Las
discusiones sobre las finanzas públicas, como lo hemos señalado varias veces,
no rebasan en la mayoría de los casos el nivel de pulpería. Dicho esto con todo
respeto para los propietarios de esos establecimientos, por cierto hoy casi
desaparecidos del territorio nacional o bien reciclados por laboriosos
emigrantes como "minimarkets".
Es
la mala filosofía que solamente se puede gastar lo que se recauda. Si se
incumple con ese precepto inevitablemente caeremos en la bancarrota. Y también
está prohibido cualquier intento de elevación de impuestos, sobre todo al
capital, so pena de asustarlo indebidamente. Se reclama la falta de inversión pública
en servicios esenciales, que se atribuye al elevado gasto gubernamental en salarios, pensiones y demás, y se
insiste en que todo se resolvería con tijeretazos a diestra y siniestra, sin
ton ni son, porque el déficit ha alcanzado niveles inaceptables para la economía
del país.
Por
supuesto que no se hacen distinciones entre gastos e inversiones, y entre
endeudamiento para enfrentar el gasto corriente y el endeudamiento productivo a
mediano y largo plazo. No se discute, además, con base en un programa de
desarrollo nacional, con metas claramente establecidas en educación, salud,
infraestructura vial y modernización de aeropuertos y puertos. Cuando se osa
hablar de reformar la estructura impositiva, abundan los que se paran en la
escoba, haciendo oposición cerrada a
cualquier proyecto que lleve esa intención. O, en el mejor de los casos, se
condiciona la aprobación de iniciativas con esos fines a la disminución del
gasto del gobierno y las instituciones públicas, y al mejoramiento de su
eficiencia.
¿Qué
es lo primero: los impuestos o la transformación de la institucionalidad pública?
¿El huevo o la gallina? Condicionar una cosa a la otra es dar vueltas en círculo;
ambas son igualmente necesarias y se debería avanzar en su logro simultáneamente.
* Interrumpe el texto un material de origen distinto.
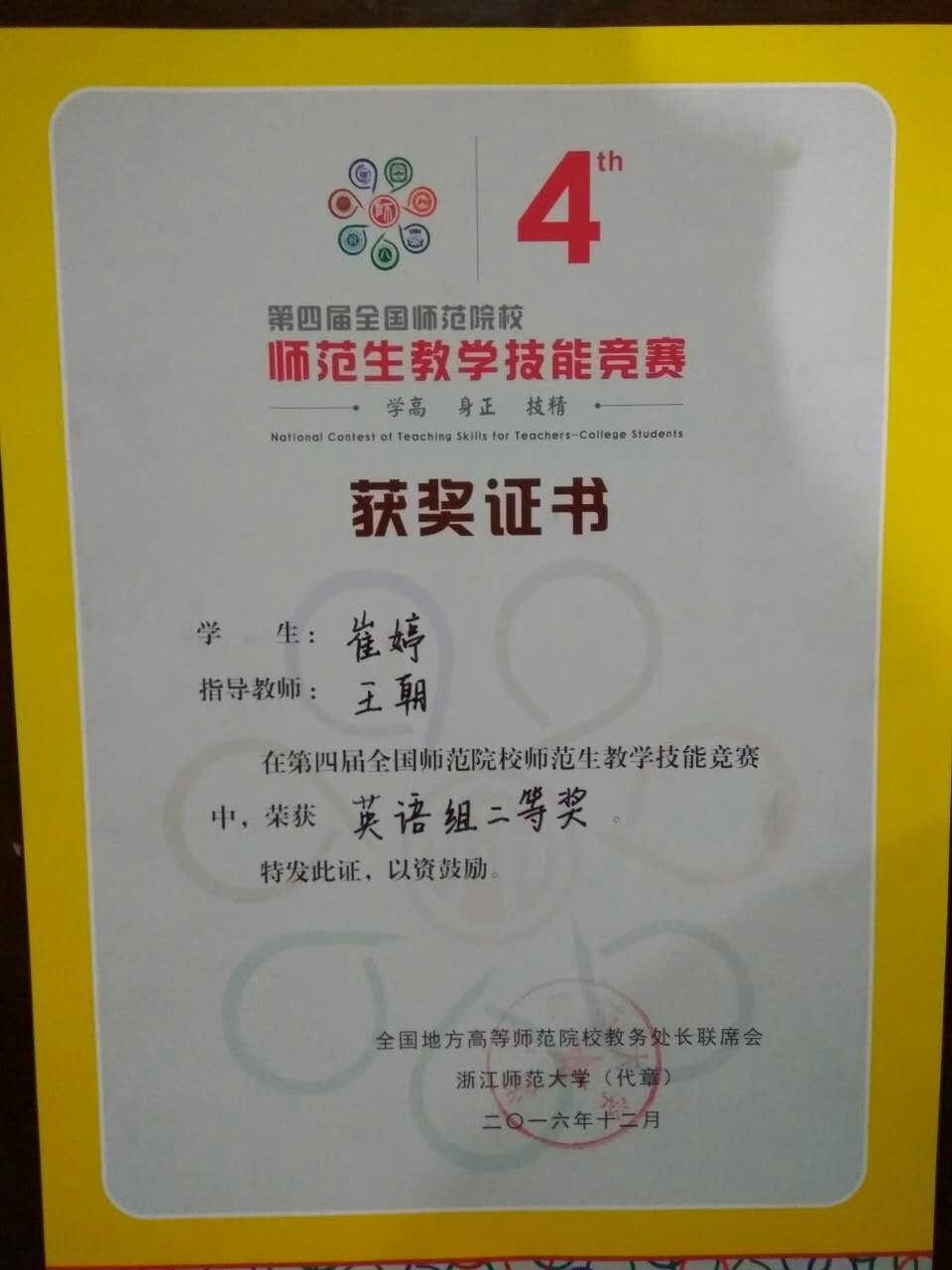 近日,由全国地方高等师范院校教务处长联席会主办,浙江师范大学承办的2016年第四届全国师范院校师范生教学技能竞赛顺利举行,在竞赛中,我院2013级本科生崔婷荣获全国二等奖的佳绩。
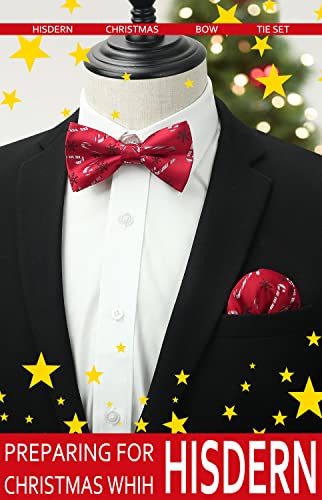 HISDERN Set da fazzoletto da taschino da uomo con papillon natalizio in tessuto da regalo

Es cierto que hay un problema de eficiencia en el funcionamiento institucional
y de capacidad de gestión, aun cuando se disponga de recursos, como sucede con
algunos préstamos. Y también hay gasto innecesario; pero igualmente cierto es que muchas instituciones fueron
colocadas en la fila de las posibles privatizaciones y vieron por tanto
cercenados sus recursos. Como aquella ocurrió a medias, se quedaron en una
especie de limbo: cargadas de funcionarios y trabajadores, pero carentes de
presupuesto operativo. Otras vieron crecer sus planillas innecesariamente, por
razones políticas.
En
resumen, gobiernos van y vienen, cada vez con menos recursos para inversión,
postergando una y otra vez las tareas urgentes que el país necesita realizar en
la economía y el bienestar social. Dos intentos de reforma tributaria se han
realizado en lo que va del siglo. Ambos fracasaron porque fueron torpedeados
por quienes se benefician con la situación actual. ¿Por cuánto tiempo más se
podrá impedir una reforma tributaria?